Problem statement: Nothing outside the range below should be printed. Output exactly the lines from the line with "Overlapping pathways identified" to the line with "หรือไปพักผ่อนหย่อนใจกับครอบครัวได้ที่สวนหลวง ร.๙ ได้เลยค่ะ", both included.

Records:
--------------------

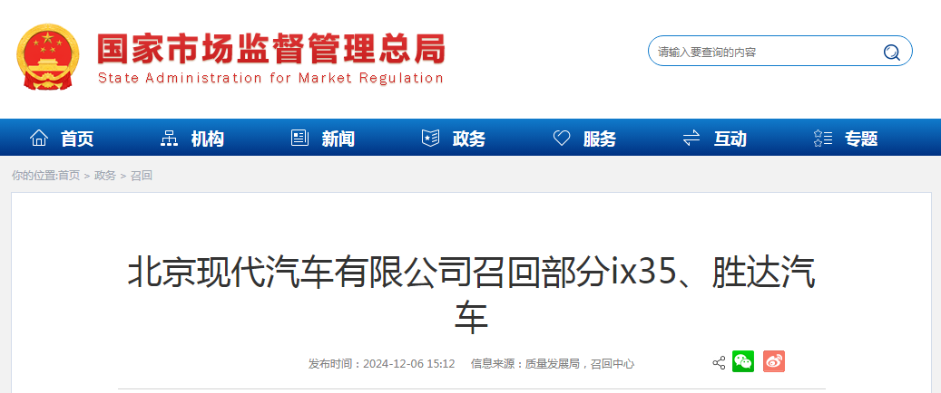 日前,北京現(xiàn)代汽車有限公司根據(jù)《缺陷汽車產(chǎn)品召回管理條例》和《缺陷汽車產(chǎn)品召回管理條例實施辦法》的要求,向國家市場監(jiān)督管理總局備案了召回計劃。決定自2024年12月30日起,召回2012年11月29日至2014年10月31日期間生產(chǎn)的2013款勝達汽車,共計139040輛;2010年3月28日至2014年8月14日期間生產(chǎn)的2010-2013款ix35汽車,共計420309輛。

--------------------

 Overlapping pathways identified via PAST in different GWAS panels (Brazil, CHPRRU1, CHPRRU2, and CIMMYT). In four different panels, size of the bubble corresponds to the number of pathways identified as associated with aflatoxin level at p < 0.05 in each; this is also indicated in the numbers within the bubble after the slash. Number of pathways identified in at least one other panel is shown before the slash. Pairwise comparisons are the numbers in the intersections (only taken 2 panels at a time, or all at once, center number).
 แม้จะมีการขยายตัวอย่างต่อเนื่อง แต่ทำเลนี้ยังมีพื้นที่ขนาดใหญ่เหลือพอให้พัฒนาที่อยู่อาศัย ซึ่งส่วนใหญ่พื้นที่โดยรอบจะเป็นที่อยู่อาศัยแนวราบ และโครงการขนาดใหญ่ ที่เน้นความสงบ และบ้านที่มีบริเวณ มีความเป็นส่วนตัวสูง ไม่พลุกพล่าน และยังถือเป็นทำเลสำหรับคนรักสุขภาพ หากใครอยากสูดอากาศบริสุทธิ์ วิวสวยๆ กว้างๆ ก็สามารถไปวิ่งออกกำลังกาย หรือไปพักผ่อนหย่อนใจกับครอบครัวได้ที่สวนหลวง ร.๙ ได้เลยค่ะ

--------------------

Solution to this exercise:
 Overlapping pathways identified via PAST in different GWAS panels (Brazil, CHPRRU1, CHPRRU2, and CIMMYT). In four different panels, size of the bubble corresponds to the number of pathways identified as associated with aflatoxin level at p < 0.05 in each; this is also indicated in the numbers within the bubble after the slash. Number of pathways identified in at least one other panel is shown before the slash. Pairwise comparisons are the numbers in the intersections (only taken 2 panels at a time, or all at once, center number).
 แม้จะมีการขยายตัวอย่างต่อเนื่อง แต่ทำเลนี้ยังมีพื้นที่ขนาดใหญ่เหลือพอให้พัฒนาที่อยู่อาศัย ซึ่งส่วนใหญ่พื้นที่โดยรอบจะเป็นที่อยู่อาศัยแนวราบ และโครงการขนาดใหญ่ ที่เน้นความสงบ และบ้านที่มีบริเวณ มีความเป็นส่วนตัวสูง ไม่พลุกพล่าน และยังถือเป็นทำเลสำหรับคนรักสุขภาพ หากใครอยากสูดอากาศบริสุทธิ์ วิวสวยๆ กว้างๆ ก็สามารถไปวิ่งออกกำลังกาย หรือไปพักผ่อนหย่อนใจกับครอบครัวได้ที่สวนหลวง ร.๙ ได้เลยค่ะ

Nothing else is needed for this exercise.